Estimating (i). The author proposes that the market order sizes follow a power law distribution:

$$f(x)^Q \propto x^{-1-\alpha}$$

So no problem estimating this.

Estimating (ii). There are two equations of interest here:

$$\Delta p \propto \ln Q \tag{11}$$

$$\begin{align} \lambda (\delta) &= \Lambda \mathbb{P} [\Delta p > \delta] \\ &= \Lambda \mathbb{P}[\ln Q > K \delta] \\ &= \Lambda \mathbb{P} [Q > \exp \left( K \delta \right)] \\ &= \Lambda \int_{\exp (K \delta)}^{\infty} x^{-1-\alpha} dx \\ &= A \exp \left( -k \delta \right) \end{align} \tag{12}$$

According to the above two:

Line 1 in (12) says $\Delta p > \delta$, but we know that $\Delta p = c \ln Q$, therefore we can re-write:

$$\begin{align} \mathbb{P} [\Delta p > \delta] &= \mathbb{P} [c \ln Q > \delta] \\ &= \mathbb{P} [\ln Q > \frac{1}{c} \delta] \end{align}$$

Therefore, $K = \frac{1}{c}$, the inverse of the proportionality constant that we find in relation $\Delta p \propto \ln Q$.

Is this correct? (The estimation of $K$).

Note: I am aware of Sophie Laruelle's paper. But, unfortunately, I do not know French.

Super Note: My understanding of this answer relating to Sophie's paper:

Definitions:

  • $t_0$ - start time (this is the start time point in the interarrival time slots in a Poisson Process). Simply put, if you get hit, that is a new time: $t_1$, which becomes your new start time.

  • $\delta P$ - distance of your order from the mid price. If the mid price is \$100, and your bid is at \$85, then this quantity is \$15. Same for asks, obviously.

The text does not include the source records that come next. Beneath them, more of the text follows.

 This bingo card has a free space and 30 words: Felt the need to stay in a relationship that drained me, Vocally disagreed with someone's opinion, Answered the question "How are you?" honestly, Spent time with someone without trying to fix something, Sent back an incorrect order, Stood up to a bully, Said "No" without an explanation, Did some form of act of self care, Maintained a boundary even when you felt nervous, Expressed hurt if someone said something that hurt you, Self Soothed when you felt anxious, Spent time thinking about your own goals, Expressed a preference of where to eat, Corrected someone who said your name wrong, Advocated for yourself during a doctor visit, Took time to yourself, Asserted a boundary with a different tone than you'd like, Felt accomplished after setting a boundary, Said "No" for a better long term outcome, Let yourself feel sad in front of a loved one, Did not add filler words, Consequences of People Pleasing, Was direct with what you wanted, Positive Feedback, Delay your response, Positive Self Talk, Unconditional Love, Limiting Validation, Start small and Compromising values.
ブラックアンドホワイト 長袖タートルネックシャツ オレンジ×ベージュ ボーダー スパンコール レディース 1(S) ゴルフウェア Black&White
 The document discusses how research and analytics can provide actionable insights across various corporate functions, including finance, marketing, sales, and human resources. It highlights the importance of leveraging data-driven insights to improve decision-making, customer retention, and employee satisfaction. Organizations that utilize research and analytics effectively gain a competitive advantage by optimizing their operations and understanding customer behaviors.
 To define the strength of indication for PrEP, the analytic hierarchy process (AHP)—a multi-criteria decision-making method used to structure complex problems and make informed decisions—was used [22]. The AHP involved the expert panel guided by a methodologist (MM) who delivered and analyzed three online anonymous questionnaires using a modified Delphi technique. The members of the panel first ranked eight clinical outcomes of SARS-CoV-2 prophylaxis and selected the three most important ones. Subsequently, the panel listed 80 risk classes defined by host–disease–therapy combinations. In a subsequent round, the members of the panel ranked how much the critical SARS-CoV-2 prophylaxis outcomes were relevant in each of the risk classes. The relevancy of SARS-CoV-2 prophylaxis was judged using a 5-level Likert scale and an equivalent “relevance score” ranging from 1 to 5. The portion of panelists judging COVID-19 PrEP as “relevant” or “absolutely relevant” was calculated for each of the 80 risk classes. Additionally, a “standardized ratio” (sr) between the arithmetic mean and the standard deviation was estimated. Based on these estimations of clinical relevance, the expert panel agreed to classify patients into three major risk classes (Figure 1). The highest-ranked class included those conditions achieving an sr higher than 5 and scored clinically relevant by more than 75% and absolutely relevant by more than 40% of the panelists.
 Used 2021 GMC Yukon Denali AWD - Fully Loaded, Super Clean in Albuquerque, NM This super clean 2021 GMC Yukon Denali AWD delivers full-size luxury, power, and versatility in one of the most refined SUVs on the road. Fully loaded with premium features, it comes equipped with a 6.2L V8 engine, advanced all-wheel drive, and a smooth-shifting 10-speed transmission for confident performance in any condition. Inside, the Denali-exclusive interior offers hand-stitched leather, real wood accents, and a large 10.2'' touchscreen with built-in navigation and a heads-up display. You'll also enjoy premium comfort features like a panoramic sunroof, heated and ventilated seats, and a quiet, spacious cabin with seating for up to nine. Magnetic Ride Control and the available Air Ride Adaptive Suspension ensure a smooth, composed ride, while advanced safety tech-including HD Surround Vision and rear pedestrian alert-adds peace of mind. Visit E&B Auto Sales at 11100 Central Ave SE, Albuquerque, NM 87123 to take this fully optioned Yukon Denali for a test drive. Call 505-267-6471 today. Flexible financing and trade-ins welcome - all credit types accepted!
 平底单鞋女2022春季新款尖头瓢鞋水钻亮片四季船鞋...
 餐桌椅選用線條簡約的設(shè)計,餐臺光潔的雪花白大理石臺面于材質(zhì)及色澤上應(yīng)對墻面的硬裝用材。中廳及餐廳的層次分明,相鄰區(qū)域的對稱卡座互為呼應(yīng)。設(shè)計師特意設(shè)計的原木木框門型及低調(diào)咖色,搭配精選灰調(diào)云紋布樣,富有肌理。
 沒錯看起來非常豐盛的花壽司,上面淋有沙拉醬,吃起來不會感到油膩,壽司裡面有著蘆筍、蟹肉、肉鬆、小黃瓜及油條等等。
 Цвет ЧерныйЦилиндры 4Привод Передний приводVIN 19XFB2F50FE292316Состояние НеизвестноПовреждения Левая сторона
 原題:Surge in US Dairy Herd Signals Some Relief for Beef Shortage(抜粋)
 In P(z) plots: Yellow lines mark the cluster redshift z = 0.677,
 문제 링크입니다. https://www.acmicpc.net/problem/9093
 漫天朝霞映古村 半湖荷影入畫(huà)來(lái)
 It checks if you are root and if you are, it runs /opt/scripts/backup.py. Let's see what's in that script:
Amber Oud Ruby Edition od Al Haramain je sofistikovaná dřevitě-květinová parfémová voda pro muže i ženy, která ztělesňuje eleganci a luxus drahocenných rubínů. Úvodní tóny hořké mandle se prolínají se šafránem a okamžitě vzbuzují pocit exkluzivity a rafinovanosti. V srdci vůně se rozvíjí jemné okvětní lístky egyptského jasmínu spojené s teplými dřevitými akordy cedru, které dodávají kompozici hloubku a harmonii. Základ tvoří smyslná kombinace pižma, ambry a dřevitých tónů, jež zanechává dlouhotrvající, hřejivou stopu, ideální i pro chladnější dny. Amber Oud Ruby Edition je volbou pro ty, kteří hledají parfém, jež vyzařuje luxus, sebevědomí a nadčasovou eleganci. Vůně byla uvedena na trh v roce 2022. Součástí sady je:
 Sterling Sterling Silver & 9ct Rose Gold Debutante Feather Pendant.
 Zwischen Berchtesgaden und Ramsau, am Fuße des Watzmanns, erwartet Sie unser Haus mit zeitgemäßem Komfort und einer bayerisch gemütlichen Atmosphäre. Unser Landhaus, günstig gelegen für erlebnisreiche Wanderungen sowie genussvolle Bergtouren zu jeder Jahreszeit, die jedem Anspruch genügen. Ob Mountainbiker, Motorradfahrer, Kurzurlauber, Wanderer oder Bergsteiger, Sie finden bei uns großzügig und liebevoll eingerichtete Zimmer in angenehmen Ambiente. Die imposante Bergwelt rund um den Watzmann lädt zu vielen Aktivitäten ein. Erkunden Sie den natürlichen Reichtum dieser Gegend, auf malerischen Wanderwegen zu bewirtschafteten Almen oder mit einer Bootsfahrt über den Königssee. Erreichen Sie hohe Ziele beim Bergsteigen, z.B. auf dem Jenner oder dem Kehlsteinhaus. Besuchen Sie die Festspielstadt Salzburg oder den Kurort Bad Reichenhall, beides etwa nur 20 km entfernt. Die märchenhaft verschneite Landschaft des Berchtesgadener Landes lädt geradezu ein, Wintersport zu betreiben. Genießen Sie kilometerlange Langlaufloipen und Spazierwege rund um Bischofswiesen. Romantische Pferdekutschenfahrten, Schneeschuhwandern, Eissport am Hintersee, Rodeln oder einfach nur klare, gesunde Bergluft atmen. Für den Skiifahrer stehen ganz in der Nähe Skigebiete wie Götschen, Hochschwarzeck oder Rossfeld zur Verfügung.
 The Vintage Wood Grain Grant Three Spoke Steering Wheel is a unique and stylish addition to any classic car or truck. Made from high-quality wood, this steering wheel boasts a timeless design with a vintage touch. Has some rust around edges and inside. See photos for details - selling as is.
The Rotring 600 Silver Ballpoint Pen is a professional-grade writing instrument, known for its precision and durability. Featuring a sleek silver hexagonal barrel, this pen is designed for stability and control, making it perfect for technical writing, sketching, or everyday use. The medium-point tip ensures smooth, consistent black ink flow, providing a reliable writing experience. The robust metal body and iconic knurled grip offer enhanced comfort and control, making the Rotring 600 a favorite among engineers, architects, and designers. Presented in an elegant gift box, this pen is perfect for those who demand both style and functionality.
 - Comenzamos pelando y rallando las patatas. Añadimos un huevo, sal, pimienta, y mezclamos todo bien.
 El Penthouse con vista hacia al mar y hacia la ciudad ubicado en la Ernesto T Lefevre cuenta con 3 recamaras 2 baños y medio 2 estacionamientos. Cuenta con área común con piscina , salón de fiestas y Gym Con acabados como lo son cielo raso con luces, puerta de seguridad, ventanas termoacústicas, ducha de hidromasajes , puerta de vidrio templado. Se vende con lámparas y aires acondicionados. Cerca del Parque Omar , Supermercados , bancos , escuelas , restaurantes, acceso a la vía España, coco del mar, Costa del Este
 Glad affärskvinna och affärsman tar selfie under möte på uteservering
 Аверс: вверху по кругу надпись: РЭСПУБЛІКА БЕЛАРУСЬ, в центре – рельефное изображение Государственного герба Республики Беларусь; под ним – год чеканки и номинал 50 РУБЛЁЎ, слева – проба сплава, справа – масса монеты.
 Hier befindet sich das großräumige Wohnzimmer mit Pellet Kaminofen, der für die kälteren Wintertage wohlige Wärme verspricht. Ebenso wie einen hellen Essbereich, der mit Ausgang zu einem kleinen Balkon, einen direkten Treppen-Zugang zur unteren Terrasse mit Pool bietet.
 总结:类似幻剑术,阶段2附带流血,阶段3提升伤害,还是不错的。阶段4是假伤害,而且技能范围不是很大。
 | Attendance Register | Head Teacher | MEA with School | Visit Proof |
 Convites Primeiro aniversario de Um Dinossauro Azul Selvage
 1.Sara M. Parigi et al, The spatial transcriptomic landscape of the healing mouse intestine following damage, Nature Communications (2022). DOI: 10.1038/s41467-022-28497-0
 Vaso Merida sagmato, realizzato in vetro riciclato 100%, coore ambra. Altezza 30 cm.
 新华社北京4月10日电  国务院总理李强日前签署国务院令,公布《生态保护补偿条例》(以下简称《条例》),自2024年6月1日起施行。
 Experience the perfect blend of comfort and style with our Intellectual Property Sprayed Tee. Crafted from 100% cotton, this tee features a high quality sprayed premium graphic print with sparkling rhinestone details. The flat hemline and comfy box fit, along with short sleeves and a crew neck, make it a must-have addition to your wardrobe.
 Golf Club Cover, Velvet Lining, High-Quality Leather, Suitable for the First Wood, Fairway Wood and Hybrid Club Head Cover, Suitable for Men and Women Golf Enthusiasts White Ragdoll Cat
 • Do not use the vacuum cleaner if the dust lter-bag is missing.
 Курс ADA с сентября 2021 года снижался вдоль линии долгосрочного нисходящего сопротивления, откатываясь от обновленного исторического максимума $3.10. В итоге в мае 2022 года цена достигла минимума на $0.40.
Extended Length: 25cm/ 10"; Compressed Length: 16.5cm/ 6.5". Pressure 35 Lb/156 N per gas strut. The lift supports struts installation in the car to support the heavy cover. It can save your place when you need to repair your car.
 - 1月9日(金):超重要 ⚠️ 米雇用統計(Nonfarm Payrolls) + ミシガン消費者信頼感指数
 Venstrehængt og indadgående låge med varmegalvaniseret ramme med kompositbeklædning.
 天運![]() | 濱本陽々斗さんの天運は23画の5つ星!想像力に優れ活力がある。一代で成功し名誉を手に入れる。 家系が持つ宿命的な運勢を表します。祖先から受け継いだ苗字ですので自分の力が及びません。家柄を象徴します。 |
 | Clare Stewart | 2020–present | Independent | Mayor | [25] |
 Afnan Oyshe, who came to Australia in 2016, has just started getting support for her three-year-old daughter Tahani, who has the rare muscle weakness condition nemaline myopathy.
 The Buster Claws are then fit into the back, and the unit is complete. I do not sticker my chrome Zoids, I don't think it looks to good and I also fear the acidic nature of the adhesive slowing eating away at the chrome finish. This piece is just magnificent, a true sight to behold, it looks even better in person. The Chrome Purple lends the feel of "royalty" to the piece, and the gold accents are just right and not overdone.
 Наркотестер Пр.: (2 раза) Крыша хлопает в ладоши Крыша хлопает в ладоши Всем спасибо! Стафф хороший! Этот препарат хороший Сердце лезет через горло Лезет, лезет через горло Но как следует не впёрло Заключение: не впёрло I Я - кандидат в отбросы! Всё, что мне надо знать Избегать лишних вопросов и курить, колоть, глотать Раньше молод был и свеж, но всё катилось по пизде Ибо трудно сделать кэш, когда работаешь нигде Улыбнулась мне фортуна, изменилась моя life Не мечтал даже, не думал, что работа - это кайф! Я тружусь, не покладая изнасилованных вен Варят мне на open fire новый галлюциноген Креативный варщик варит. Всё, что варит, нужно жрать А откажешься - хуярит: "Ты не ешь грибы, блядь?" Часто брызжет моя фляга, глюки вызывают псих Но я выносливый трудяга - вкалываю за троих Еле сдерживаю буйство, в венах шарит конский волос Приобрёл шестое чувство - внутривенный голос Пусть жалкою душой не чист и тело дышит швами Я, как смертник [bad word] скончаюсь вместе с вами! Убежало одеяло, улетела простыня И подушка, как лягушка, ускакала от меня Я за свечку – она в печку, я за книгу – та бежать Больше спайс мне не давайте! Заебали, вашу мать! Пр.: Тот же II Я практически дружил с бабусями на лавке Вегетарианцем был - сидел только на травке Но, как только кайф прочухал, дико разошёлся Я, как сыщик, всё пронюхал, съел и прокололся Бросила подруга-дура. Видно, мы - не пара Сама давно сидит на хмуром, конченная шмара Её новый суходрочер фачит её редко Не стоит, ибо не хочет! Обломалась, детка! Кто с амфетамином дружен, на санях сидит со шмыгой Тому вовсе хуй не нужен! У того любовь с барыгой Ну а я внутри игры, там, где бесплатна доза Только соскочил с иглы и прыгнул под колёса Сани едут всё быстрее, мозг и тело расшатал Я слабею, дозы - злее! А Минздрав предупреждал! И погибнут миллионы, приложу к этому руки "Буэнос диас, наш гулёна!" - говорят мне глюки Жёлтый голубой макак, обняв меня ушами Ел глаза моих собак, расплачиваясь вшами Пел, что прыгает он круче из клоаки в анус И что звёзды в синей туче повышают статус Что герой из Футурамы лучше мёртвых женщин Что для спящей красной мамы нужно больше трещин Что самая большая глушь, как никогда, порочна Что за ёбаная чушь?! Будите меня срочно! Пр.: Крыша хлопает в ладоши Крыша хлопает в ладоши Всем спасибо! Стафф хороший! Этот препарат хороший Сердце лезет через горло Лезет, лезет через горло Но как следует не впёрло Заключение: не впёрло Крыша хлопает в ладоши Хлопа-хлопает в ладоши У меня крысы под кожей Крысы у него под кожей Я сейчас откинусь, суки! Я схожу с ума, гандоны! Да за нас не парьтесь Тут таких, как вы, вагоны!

  • $P^m (t) $ - is your mid price at time $t$.

Procedure:

  • Record start time: $t_0$ and corresponding mid price: $P^m(t_0)$ at this time.
  • Record the time $t_1$ when the bid/ask is hit and the $\delta P$s. The reason I have added plural "s" ending in there is because you might get hit at a number of levels. An example is asked for here. This is your order book (OB):
|--- qty ---| --- size --- |
asks
 $105        10
 $104         5
bids
 $100         6
 $99          5

Imagine a market order comes in that eats 8 units on the bid size (so it was a market sell). You record the change in price, $\delta P = \$102 - \$100 = \$2$ at first level and the corresponding time of this trade, $t_1$. You also record $\delta P = \$102 - \$99 = \$3$ at the same time, $t_1$ (in this case). If there was a market order that only took portion of the best ask/bid, or full best ask/bid and did not go deeper, we would only collect a single $\delta P$ with its corresponding $t$. Note that you can define the point at which the order is hit differently, this is up to you. - You now have time lengths and corresponding sizes. Interarrival times in a Poisson Process are exponential:

$$\mathbb{P}[X_1 > t] = \mathbb{P}\left[ \texttt{no arrival in time (0, t]} \right]= e^{-\lambda t} $$

  • So now for each bucket of price changes like: $[\$1, \$1.5]$ i.e. all of the $\delta P$ that are between 1 and 1.5 bucks, you have a list of interarrival times: $[0.3, 0.2, 0.5, 0.7, 1.1]$ in seconds. Fit the above exponential distribution to each data bucket to obtain some empirical estimate of $\lambda$.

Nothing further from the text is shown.